Collected data:
——————

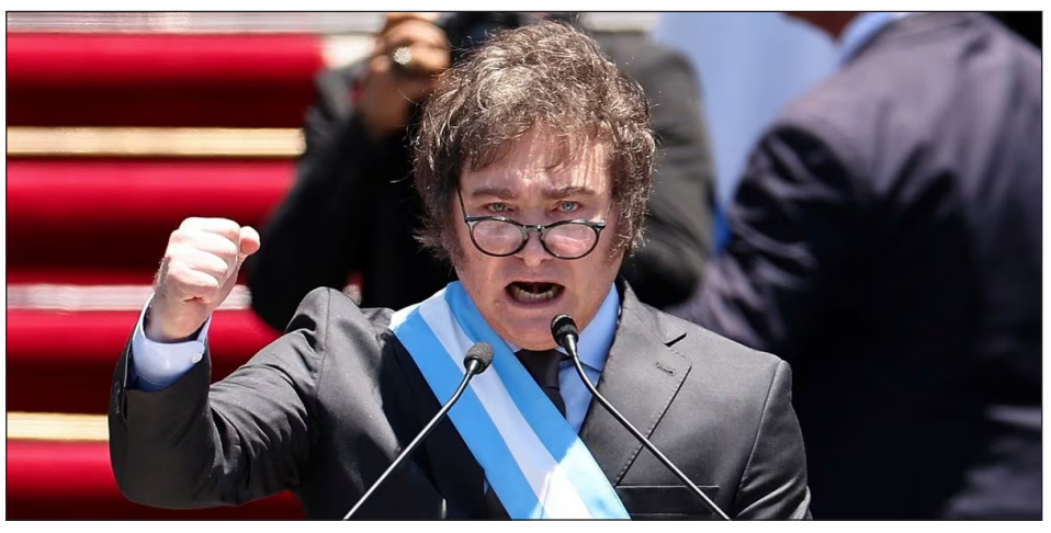
December 10, 2023: Inauguration of Milei for the presidency

The traitors of the union bureaucracy only reacted when the DNU ( decree of ne cessity and urgency ) that actually declares absolute labor flexibility, was clearly shown to touch their business around the union health care system, since this government has put on its task list that it does not need the leaders of the unions un order to develop its offensive against the workers.
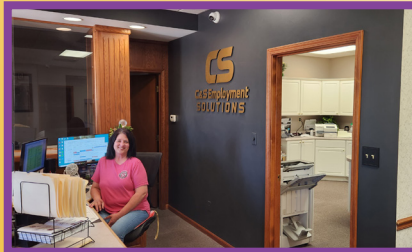
Above (L): Rebranding Ribbon Cutting; (R): Updates to front desk signage Below (L): Improvements to C&S marquee; (R) Updated entrance signage
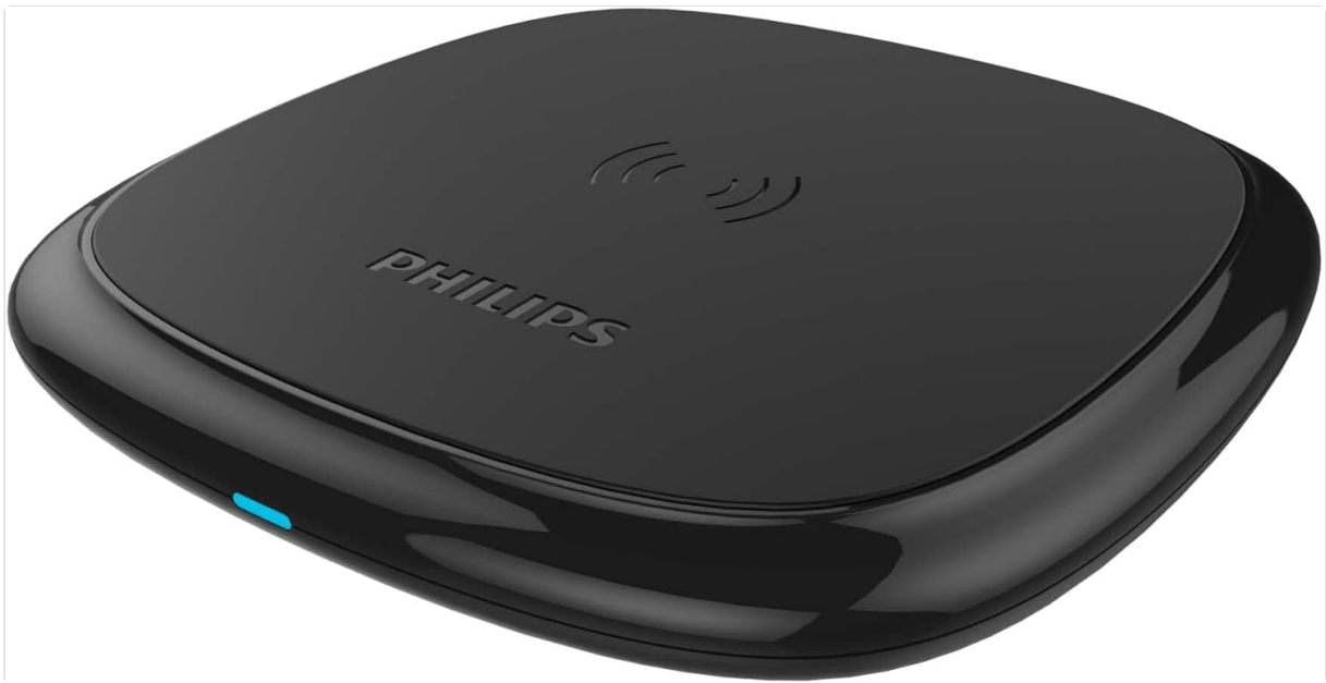
Figure 4.1: Front view of the Philips DLP9210/00 Qi Wireless Charger. The charger is black, square with rounded corners, and features the Philips logo and Qi wireless charging symbol on its surface. A small blue LED indicator is visible on the front edge.
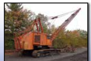
MANITOWOC 3900 VICON

1962 MANITOWOC Model 3900 Vicon Crawler Dragline , s/n 39506, powered by Cummins 855 diesel engine and twin torque converters, equipped with approximately 4 yard drag bucket, 90' of bolt together angle boom, fairlead, air controls, 19'x16" crawlers, 2-piece rear counterweight, and 38" smooth pads. In fair to good condition with fair undercarriage. Miscellaneous Dragline Buckets , with hardware
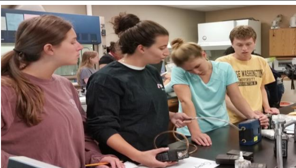
IH students are learning how to correct the volume of personal air sampler.

Considerable portion of our day is in the workplace. Ensuring that workplaces are safe and health is important to the well-being of everyone. Let us have fun to learn what exist in the workplace, what the OSHA regulation is and how to control these risk factors such as ergonomic stressors.
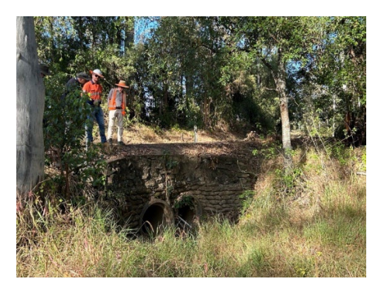
Damaged culvert near Schreibers Road on Coles Creek Road.

Construction will generally occur Monday to Friday between 6.30am and 5.30pm. Typical construction noise can be expected.
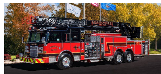
New delivery of a 100' Aerial from Pierce, example photo only.

The committee spent a couple hours reviewing various types of ladder trucks, pros and cons and the needs of our district. There are several contacts and nearby agencies that can also provide valuable insight to our committee. The committee continues to work towards providing this piece of equipment that will meet our needs for years, decades.
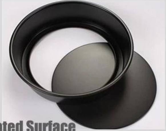
Teflon Coated Surface
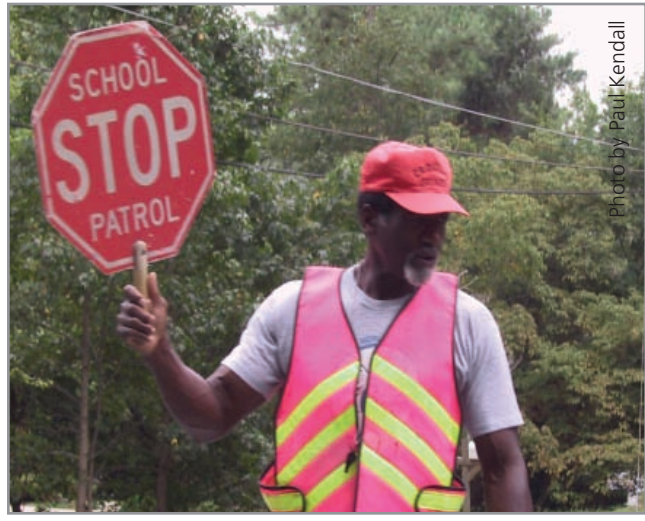
Estes Hills Elementary School, Chapel Hill, NC

The State of North Carolina strongly recommends the use of hand-held signs or STOP paddles, but allows the local governing agency to decide whether a guard uses either a STOP paddle or an orange-gloved hand, or both.
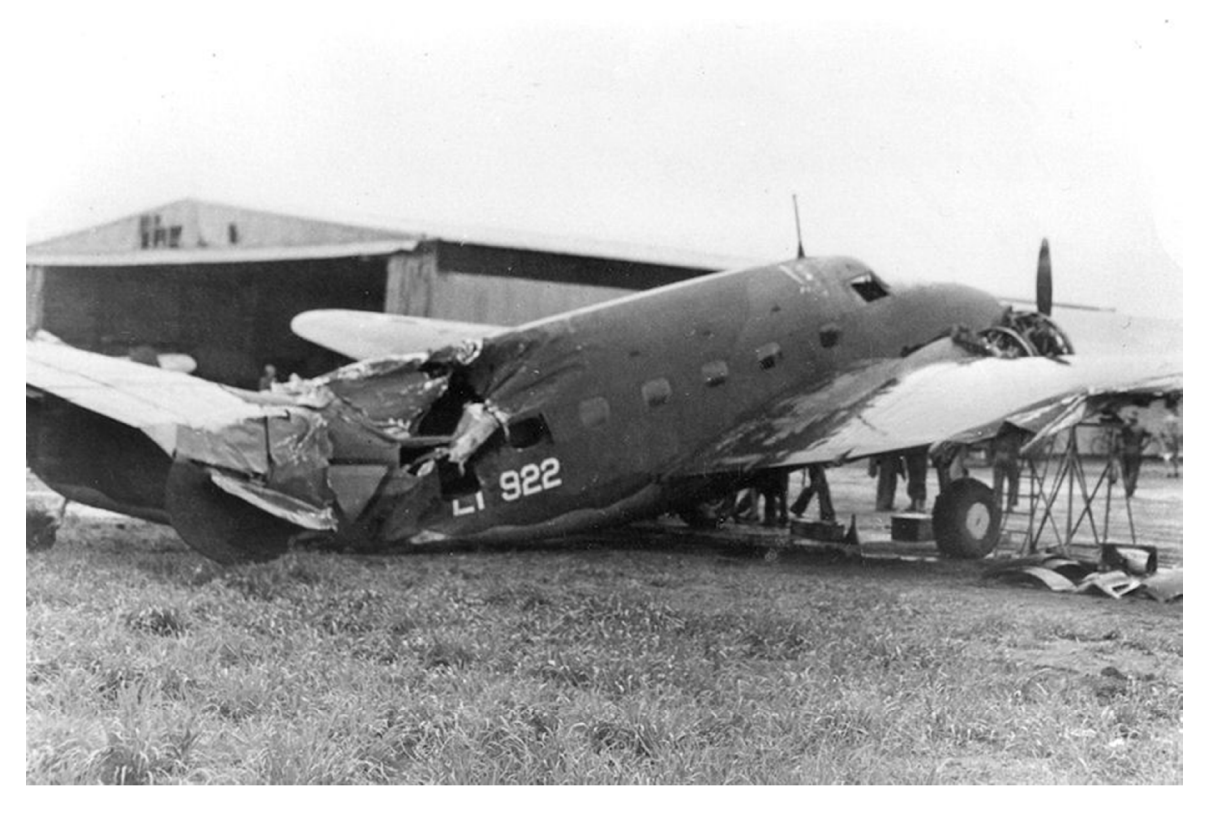
Lodestar LT922 of the ML was one of four Lodestars used to transport the ML Det Archerfield. It was hit when parked at Archerfield by an Australian DC-3 during taxiing in the night of 17 and 18 February 1942 when the DC-3 pilot had to use the brakes on the wet grass surface of the airfield. The accident portended little good for the future B-25 operations

On 8 March the KNIL and allied forces on Java capitulated (effective the next day) and, consequently, on 9 March the ferry to Australia was put on hold. Ten aircraft were already scheduled to leave on the latter date or shortly after but their departure was cancelled and the B-25s already at Hamilton Field were flown back to Sacramento. Air Corps Ferrying Command gave clearance to resume the ferry flights to Australia on 13 March and the first two B-25s left that same day. The aircraft were now to go to a NEI unit to be formed at Archerfield. Next to arrive at Archerfield were:

——————

Start at the top of the entries and repeat each line exactly, ending at the line that contains "New delivery of". Pictures are not part of the copy.

ANSWER →
December 10, 2023: Inauguration of Milei for the presidency

The traitors of the union bureaucracy only reacted when the DNU ( decree of ne cessity and urgency ) that actually declares absolute labor flexibility, was clearly shown to touch their business around the union health care system, since this government has put on its task list that it does not need the leaders of the unions un order to develop its offensive against the workers.
Above (L): Rebranding Ribbon Cutting; (R): Updates to front desk signage Below (L): Improvements to C&S marquee; (R) Updated entrance signage
Figure 4.1: Front view of the Philips DLP9210/00 Qi Wireless Charger. The charger is black, square with rounded corners, and features the Philips logo and Qi wireless charging symbol on its surface. A small blue LED indicator is visible on the front edge.
MANITOWOC 3900 VICON

1962 MANITOWOC Model 3900 Vicon Crawler Dragline , s/n 39506, powered by Cummins 855 diesel engine and twin torque converters, equipped with approximately 4 yard drag bucket, 90' of bolt together angle boom, fairlead, air controls, 19'x16" crawlers, 2-piece rear counterweight, and 38" smooth pads. In fair to good condition with fair undercarriage. Miscellaneous Dragline Buckets , with hardware
IH students are learning how to correct the volume of personal air sampler.

Considerable portion of our day is in the workplace. Ensuring that workplaces are safe and health is important to the well-being of everyone. Let us have fun to learn what exist in the workplace, what the OSHA regulation is and how to control these risk factors such as ergonomic stressors.
Damaged culvert near Schreibers Road on Coles Creek Road.

Construction will generally occur Monday to Friday between 6.30am and 5.30pm. Typical construction noise can be expected.
New delivery of a 100' Aerial from Pierce, example photo only.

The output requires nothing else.